Hello Everyone, I am new to real estate investing and am looking to purchase my first investment property so any advice you can share is greatly appreciated. I am looking at purchasing a 4/2 house that rents for 800 a month. When I run the numbers it looks like I will be lucky to clear 100 a month cash flow but I'm thinking the property should appreciate in value over the next several years and I can sell and move on to something else. The current tenant has a disability and has government help which means I would receive the rent check from the government every month. The tenant takes very good care of the property and wants to stay on the property and in several years have the option of purchasing the property. Is there any kind of deal or contract I can get on paper with them that would benefit the both of us over the course of the next several years until they are able to purchase the property or do I just go by word of mouth and hope for the best? Thanks in advance for your help!
@James Mast While you can have an Option to Purchase contract where the tenant pays you a fee for the option to purchase as some predetermined price (or according to some pricing schedule), these often don't work out. I wouldn't count on it.
It doesn't sound like the house will cash flow, so you are just speculating on appreciation. Some investors do that. But they know what they are doing and take a calculated risk.
Not a good deal. The tennat will never be able to buy th eproperty and cash flow is likley not worth th einvestment. I would walk away.
Never count on appreciation when you have next to no cash flow. (unless you are in CA)
@Larry T. @Thomas S. Thanks for your advice! I was leaning towards passing on this property anyway but didn't want to pass up a possible opportunity. Your advice just confirmed my decision to pass on this one and keep looking.

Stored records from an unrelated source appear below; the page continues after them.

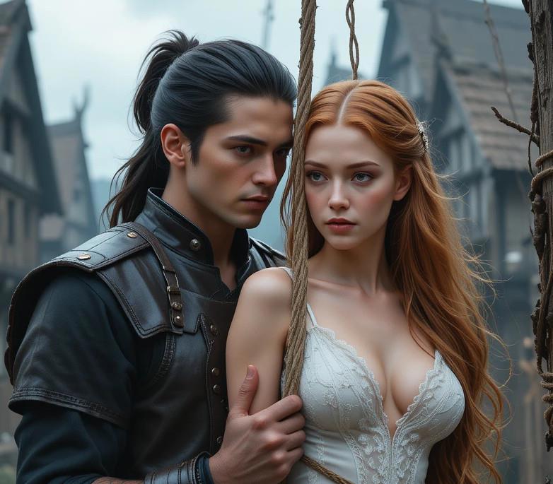 В общем, снова пробую визуализировать сцену спасения Ланы с костра. Так вот, эту картинку пришлось обрезать в фотошопе, поскольку нейросеть допустила сразу два крупных ляпа. Но зато тут и Килиан, и Лана получились похоже на задумку.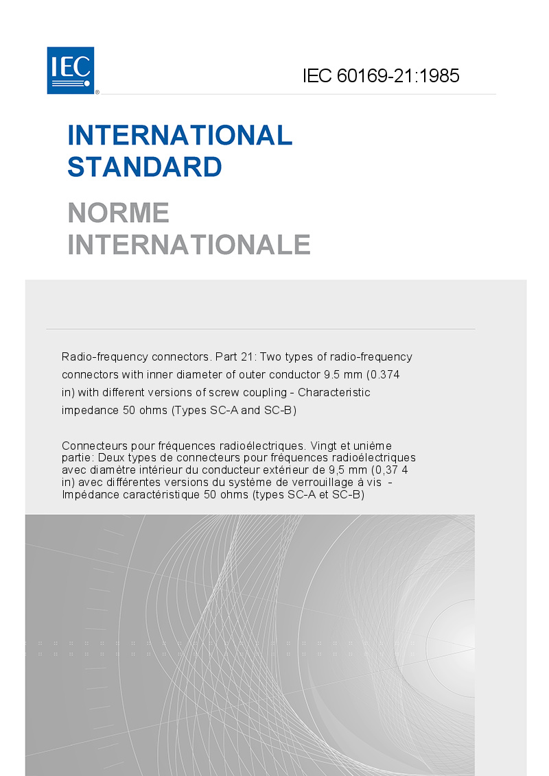 Radio-frequency connectors. Part 21: Two types of radio-frequency connectors with inner diameter of outer conductor 9.5 mm (0.374 in) with different versions of screw coupling - Characteristic impedance 50 ohms (Types SC-A and SC-B)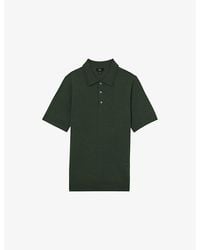 Reiss Men's Blue Maxwell Half-Zip Short-Sleeve Merino-Wool Polo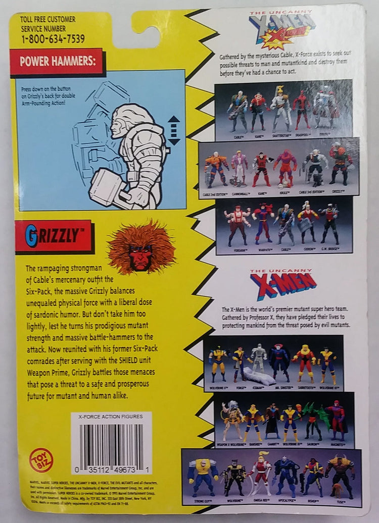 1993 Marvel action figure from Toy Biz - Grizzly from X-Force. Sealed in original packaging.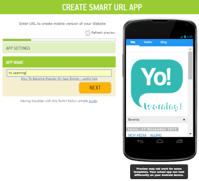 Sebelum pembuatan aplikasi penampil website kita harus terlebih dahulu membuat websitenya. Berikut website yang sudah kami buat https://yolearning.blogspot.co.id/.
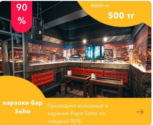 С карточкой EasyGo вы можете посетить удивительный караоке бар «Soho» Очень уютная обстановка, внимательные официанты, вкусная еда а, главное караоке огонь со скидкой 90%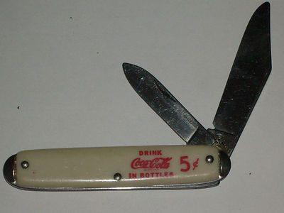 VINTAGE WHITE COCA COLA IN BOTTLES DOUBLE BLADE USA FOLDING KNIFE
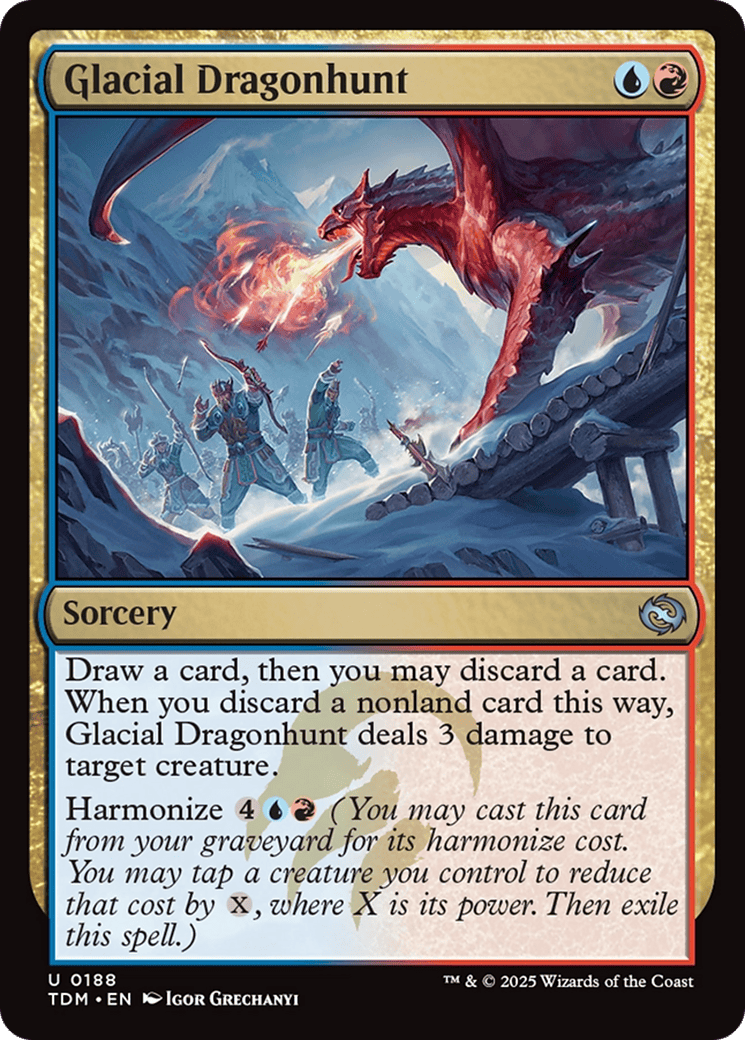 Draw a card, then you may discard a card. When you discard a nonland card this way, Glacial Dragonhunt deals 3 damage to target creature.
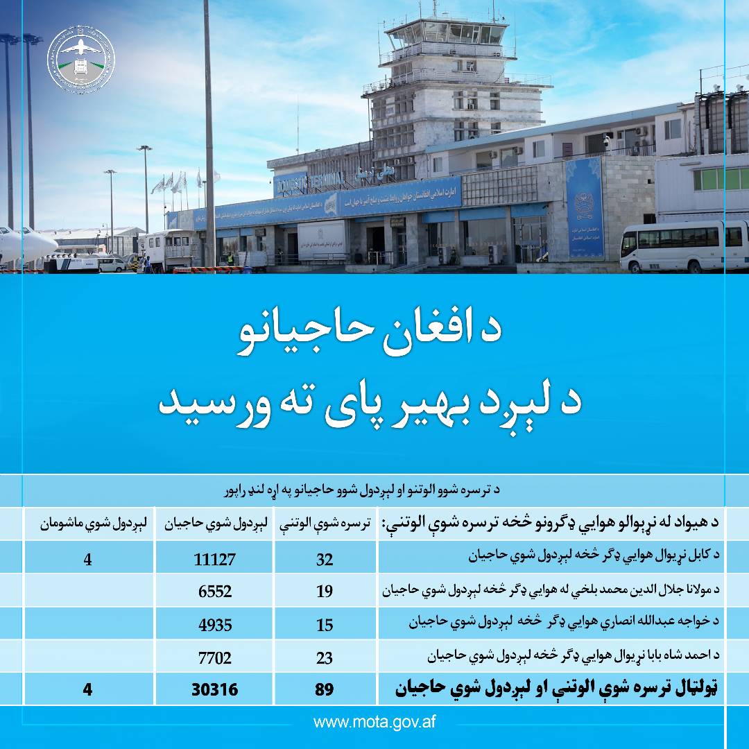 د افغان حاجيانو د لېږد بهير چې ۱۴۰۲/۲/۳۱ نېټه پيل شوی و، نن سهار د کابل هوايي ډګر څخه د وروستۍ نهه اتيايمې الوتنې سره پای ته ورسيد او ټولټال ۳۰۳۱۶ حاجيان سعودي عربستان ته ولېږدول شول.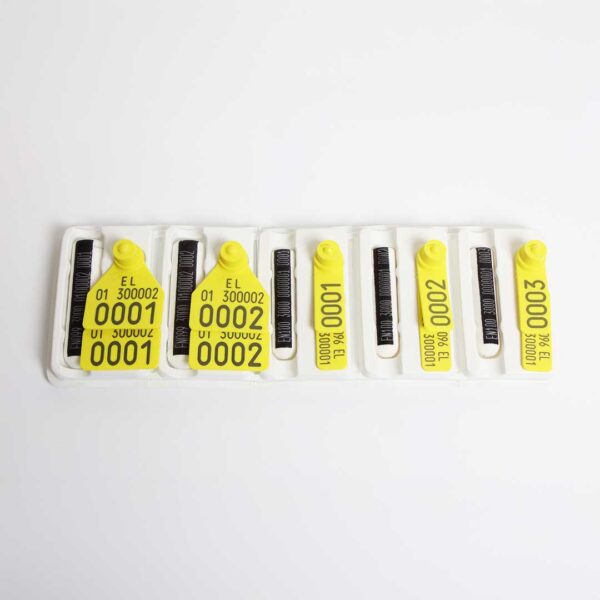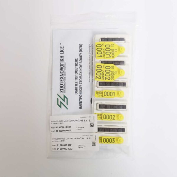 Η συσκευασία αποτελείται από διαφανή πλαστική σακούλα (μεγάλη 50 ζεύγη, μικρή 20 ζεύγη), ταμπέλα με το όνομα του κτηνοτρόφου, τον κωδικό της εκμετάλλευσής του, το πρώτο και το τελευταίο νούμερο της παραγγελίας του και τον συνολικό αριθμό βώλων και το είδος των ενωτίων αυτής. Σε περίπτωση που χρειάζονται περισσότερες από μία σακούλες για την παραγγελία, οι ταμπέλες αυτών αριθμούνται ανάλογα (π.χ. 1/3, 2/3, 3/3).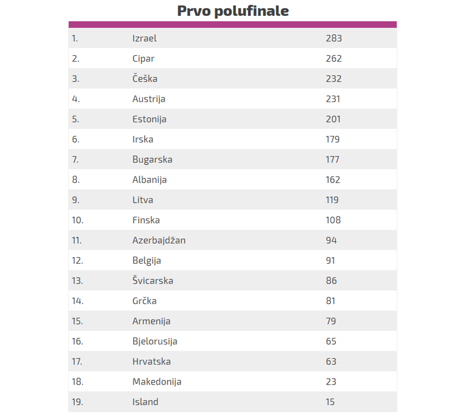 Uvidom u rezultate glasovanja sad se može vidjeti koliko je bila daleko od ulaska u završnu večer. Štoviše, iza naše  predstavnice ostale su tek dvije zemlje – Makedonija i Island.

I agree with @Thomas S. In addition to that, your thinking on a very small scale in regards to growth (which I am assuming is because you do not have much capital to start) and that needs to be adjusted. What I mean by that is if you have limited capital then try to leverage; whether it be partnering or leveraging credit, etc. There are a variety of ways to grow at a better pace rather than relying on each asset to spur the next.